§ **Exercise description**:
Line for line, return the data exactly, omitting all pictures.

§ **Given data**:
——
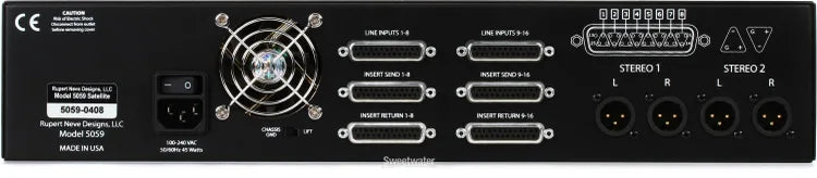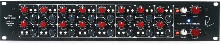 The 5059 features 16 channels with individual level, pan, inserts, stereo-2 sends, and master texture controls, providing easy integration with outboard equipment, complete control for two separate stem mixes, and the ability to dial in analogue mojo in two modes.
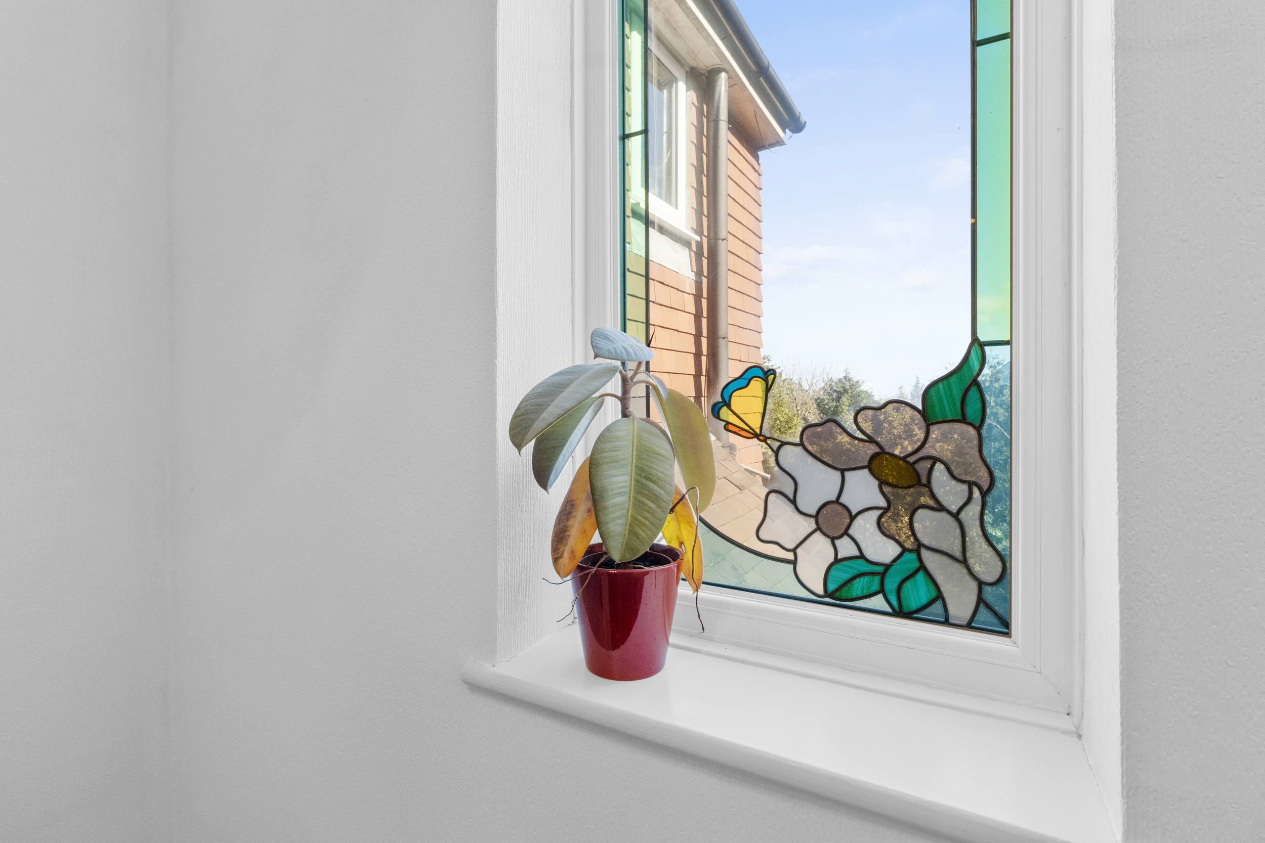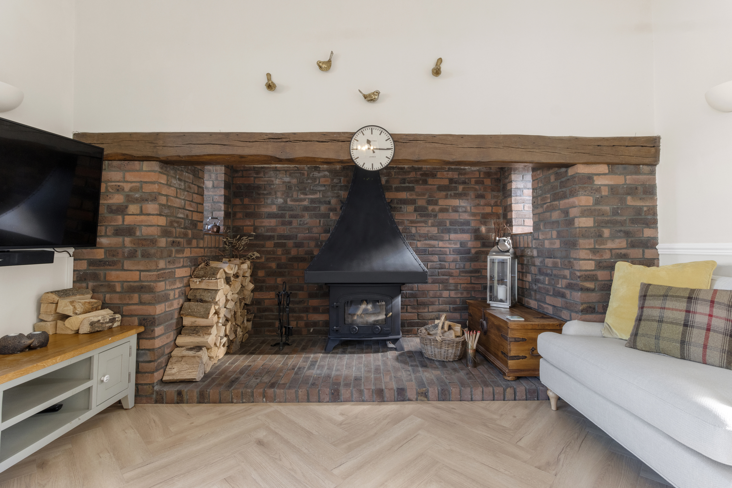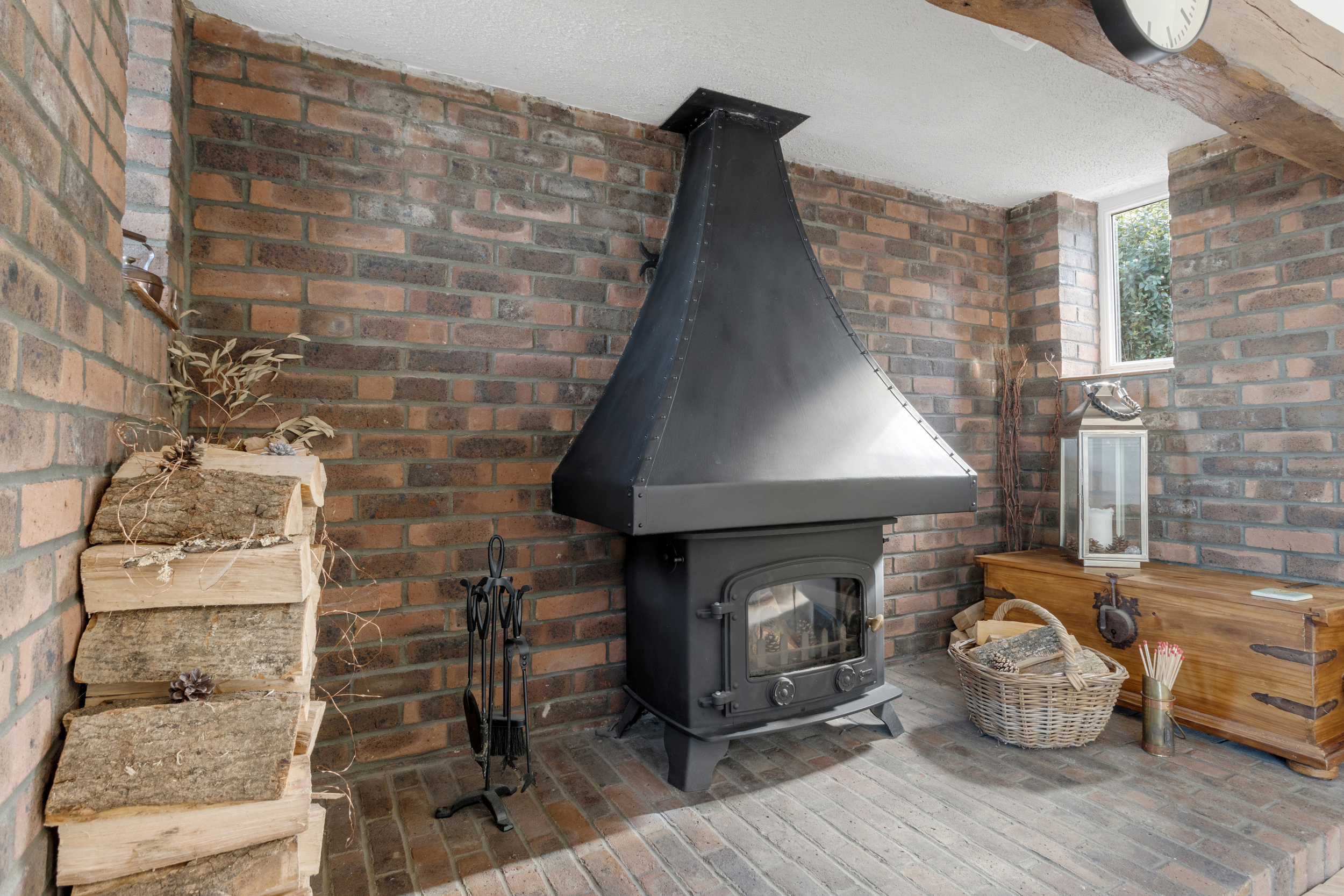 The spacious living room is a focal point of the home, designed to offer both comfort and sophistication. The impressive Inglenook fireplace with a brick hearth creates a warm and inviting ambiance, while the large front-facing window bathes the room in natural light. A separate door from the living room leads to an additional garden area, further enhancing the sense of openness and tranquillity.
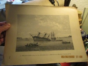Gravure Voilier 3 Mats La Découverte échoué dans le Sound de Reine Charlotte
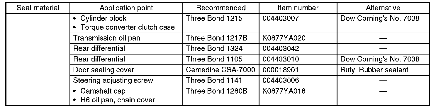 Use seal material shown in the table, or equivalent.
——
§ **Final answer**:
 The 5059 features 16 channels with individual level, pan, inserts, stereo-2 sends, and master texture controls, providing easy integration with outboard equipment, complete control for two separate stem mixes, and the ability to dial in analogue mojo in two modes.
 The spacious living room is a focal point of the home, designed to offer both comfort and sophistication. The impressive Inglenook fireplace with a brick hearth creates a warm and inviting ambiance, while the large front-facing window bathes the room in natural light. A separate door from the living room leads to an additional garden area, further enhancing the sense of openness and tranquillity.
Gravure Voilier 3 Mats La Découverte échoué dans le Sound de Reine Charlotte
 Use seal material shown in the table, or equivalent.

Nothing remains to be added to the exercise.